This is one of the saddest books I have ever read. But i am so glad that I did read it. Man's inhumanity to man. Many people know the story of the Native Americans but probably not so many know the story of the Native Canadian Inuit. These people were forced from their homes and moved to desolate uninhabitable places and basically left to starve without even basic necessities for survival. Unbelievable hardship brought upon them by the government who wanted them off the land and the Inuit actually trusted these people with their lives.
This book described how Canada treated the inuits by sending them to the very north where they were treated appallingly, hardly surviving. It is a hard read but I found it interesting and an eye opener.
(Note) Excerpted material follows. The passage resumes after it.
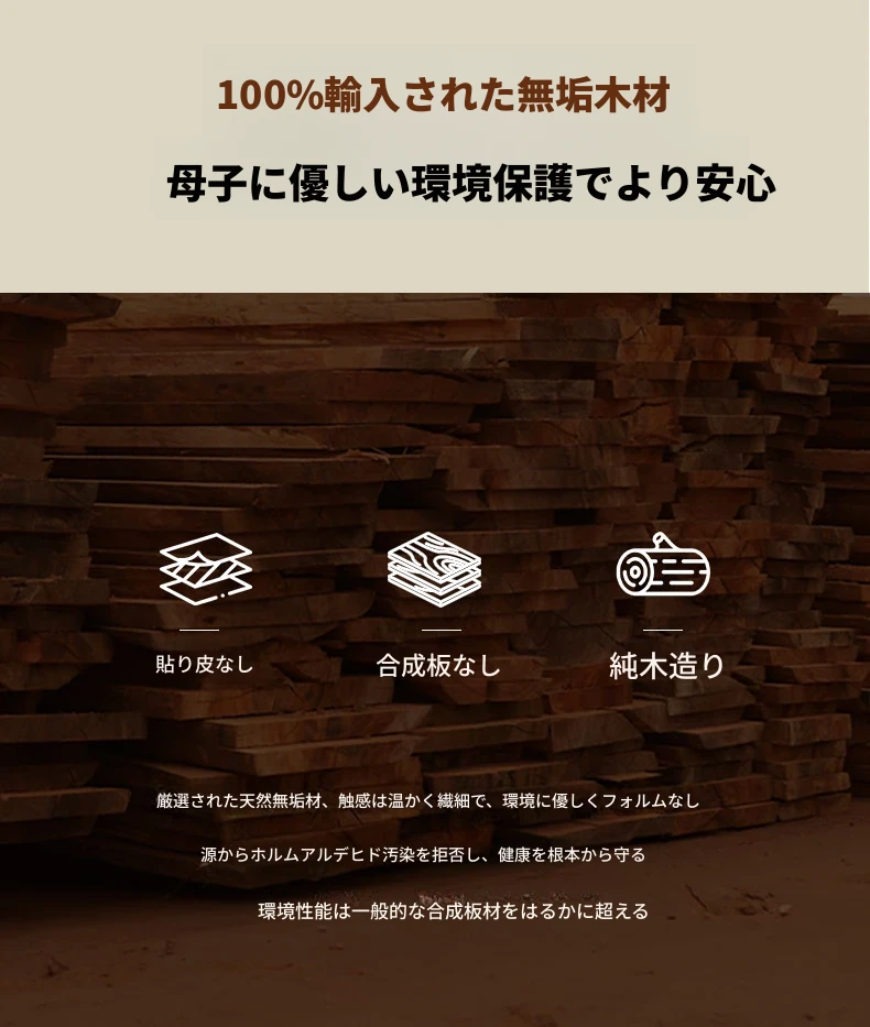 0.95mブナ材ナチュラルミルクホワイト950*(838-2080)*770mm

It is well written and really reveals how duplicitous the Canadian Government has been, and still is, with regard to its dealings with the First Nations people. It is still overriding the interests of the true owners of the land.
This is a superbly told story of the tragic experiment that the Canadian government did to the Inuit of what is now Nunavet province by transferring them to Devon Island. Though the story is appalling the book was gripping and I could not put it down. I am interested in that part of the world and have travelled there. Anything by Melanie McGrath is worth reading, try the East end books!
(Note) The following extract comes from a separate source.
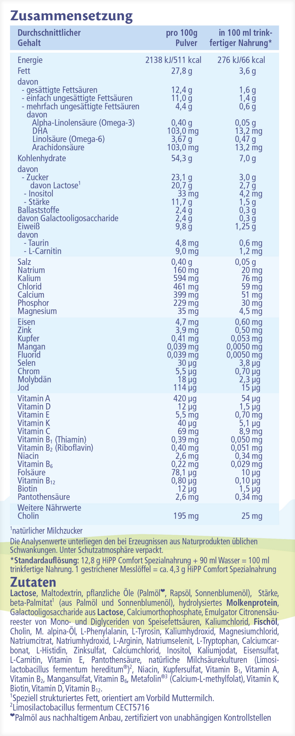 enthält HiPP Comfort Spezialnahrung außerdem: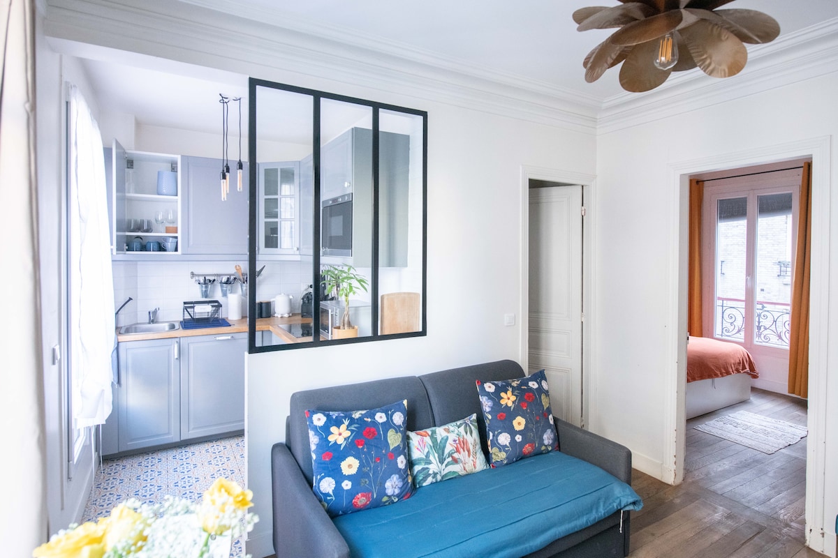 Þessi bjarta íbúð í hjarta Montmartre, rómantískasta hverfi Parísar, er fullkomlega staðsett en kyrrlát gata (2 mínútna göngufjarlægð frá Sacré Coeur og Place du Tertre) mun gera dvöl þína í París ógleymanlega. Fullbúið (rúm í king-stærð, heimabíó, vínylspilari, þvottavél, handklæði, hárþurrka o.s.frv.). Í eldhúsinu er allt sem þú þarft. Hafðu samband við mig ef þú hefur einhverjar spurningar :)

In 1922 Robert Flaherty made a film in Artic Canada named Nanook of the North that became world famous and led to myths that are still with us. Roberrt left in1924 lleaving a son Josph who lived as an Eskimo till 1953 when a crazy canadian edict forced the 16 families in Josephs group to be forcibly resettled in an"Arctic Eden" in the very far north of Canada leading to starvation,alchoholism and crime. It was not till 1995after a Royal Comission and public pressure the remains of the 16 families were returned to thier homes with compensation. an excellent read.
I enjoyed Melanie McGrath's last book, Silvertown, a moving fictionalised biography of her East End grandmother. Early 20th century Silvertown was no picnic but this new work is set in an even tougher and more challenging environment, that of the Canadian Arctic. It is the story of one Inuit,Josephie Flaherty, the illegitimate son of the filmmaker who made "Nanook of the North." But it is also a story of the betrayal of the Inuit community by the Canadian government. A group of Inuits were tricked and abandoned in a "cultural" experiment that beggars belief in its stupidity and cruelty, particularly as it occurred so recently. McGrath's research is thorough but more importantly her writing is gripping, yet culturally respectful and highly empathetic. Strongly recommended.
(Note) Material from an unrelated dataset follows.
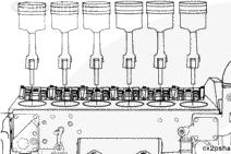 安裝活塞與連桿。參考步驟 001-054。安裝活塞冷卻噴嘴。參考步驟 001-046。

The book begins with an account of Robert Flaherty's making of the first documentary film ("Nanook of the North", 1920, available on DVD). After a slightly slow start, McGrath goes on to portray the lives of the Innuit peoples of the Arctic long after Flaherty left. The historic details are meticulously researched. This powerful insight is so well written that you can physically feel the constant fight for survival against the harshest odds. Most people would find these odds insurmountable, but we learn how the Innuit as a people did survive. Not for the feint-hearted or casual reader, the book reveals how Innuit people endured injustices and hardships which were never acknowledged by the outside world until the 1990's.